M       security/gnupg/Makefile                                                 A       security/gnupg/files/patch-agent_gpg-agent.c
A       security/gnupg/files/patch-dirmngr_dirmngr.c
M       security/gnupg/files/patch-doc-Makefile.in
A       security/gnupg/files/patch-g13_g13.c
A       security/gnupg/files/patch-scd_scdaemon.c
Comment 1 Roman Bogorodskiy freebsd_committer 2016-11-16 16:30:31 UTC
(In reply to Christoph Moench-Tegeder from comment #0)

Sorry for the breakage. :-(
The release seems to be planned for tomorrow, though: https://lists.gnupg.org/pipermail/gnupg-devel/2016-November/032184.html
Comment 2 O. Hartmann 2016-11-16 17:58:25 UTC
*** Bug 214576 has been marked as a duplicate of this bug. ***
Comment 3 Jens Grassel 2016-11-18 14:32:20 UTC
Any news one this?
Comment 4 martin.dieringer 2016-11-19 08:41:00 UTC
Fixing this would be more important than other "features".
Comment 5 O. Hartmann 2016-11-19 10:31:51 UTC
(In reply to Roman Bogorodskiy from comment #1)

I do not understand! Most people preferring the compilation way due to special needs do not have a rela chance to easily row back on ports broken like this! On all systems we updated the ports, we suffer seriously from this bug. 

-) claws-mail depends on gpg-agent when using pgp key infrastructure - mail is not working!

-) A whole set of X11-based workstation, starting gpg-agent as the initiater for the windowing system do not start anymore due to the incapacitated gpg-agent!
Comment 6 Jens Grassel 2016-11-19 10:45:46 UTC
It would be really great if something happend here quickly. As mentioned in the comments a lot of people suffer heavily from this problem.

I used the attached patch to circumvent the issue using a custom patched and compiled port but that really shouldn't be the way to go for such an issue.
Comment 7 Roman Bogorodskiy freebsd_committer 2016-11-19 11:28:40 UTC
Created attachment 177181 [details]
patch update to 2.1.16

gnupg 2.1.16 was released yesterday: https://lists.gnupg.org/pipermail/gnupg-devel/2016-November/032199.html

Attached a patch to update the port to this version. As I don't use gnupg match, I've only checked that gpg-agent starts for me.

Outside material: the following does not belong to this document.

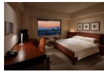
グランド ハイアット 東京 グランドルームの宿泊券 (2 名 1 室利用)

※レシートを抽選会場にお持ちください。(複数店舗合算可) ※抽選はお 1 人様 1 回となります。 ※賞品がなくなり次第終了となりますので予めご了承ください。

I'm still building it in jails for different FreeBSD versions though. Anyway, if somebody can confirm that it fixes the issue, I'll try to reach portmgr so we can commit that without having to wait for maintainer timeout/approval.
Comment 8 Roman Bogorodskiy freebsd_committer 2016-11-19 11:59:11 UTC
(In reply to Roman Bogorodskiy from comment #7)


Anyways, build tested on 9-10-11-12 amd64 and 10 i386.
Comment 9 commit-hook freebsd_committer 2016-11-20 12:18:55 UTC
A commit references this bug:

Author: novel
Date: Sun Nov 20 12:18:36 UTC 2016
New revision: 426573
URL: https://svnweb.freebsd.org/changeset/ports/426573

  security/gnupg: update to 2.1.16

  This release fixes an issue that the previous gnupg release (2.1.15)
  was incompatible with libgpg-error 1.25 that caused gpg-agent failing
  to start.

  PR:		214568
  Submitted by:	cmt
  Tested by:	cmt
  Reported by:	many

Comment 10 Kubilay Kocak freebsd_committer freebsd_triage 2016-11-20 13:59:03 UTC
Assign to committer resolving
Comment 11 O. Hartmann 2016-11-20 17:35:05 UTC
Comment 12 Roman Bogorodskiy freebsd_committer 2016-11-27 07:16:07 UTC
Merge-quarterly is not needed as libgpg-error is at 1.24 there. Closing this one.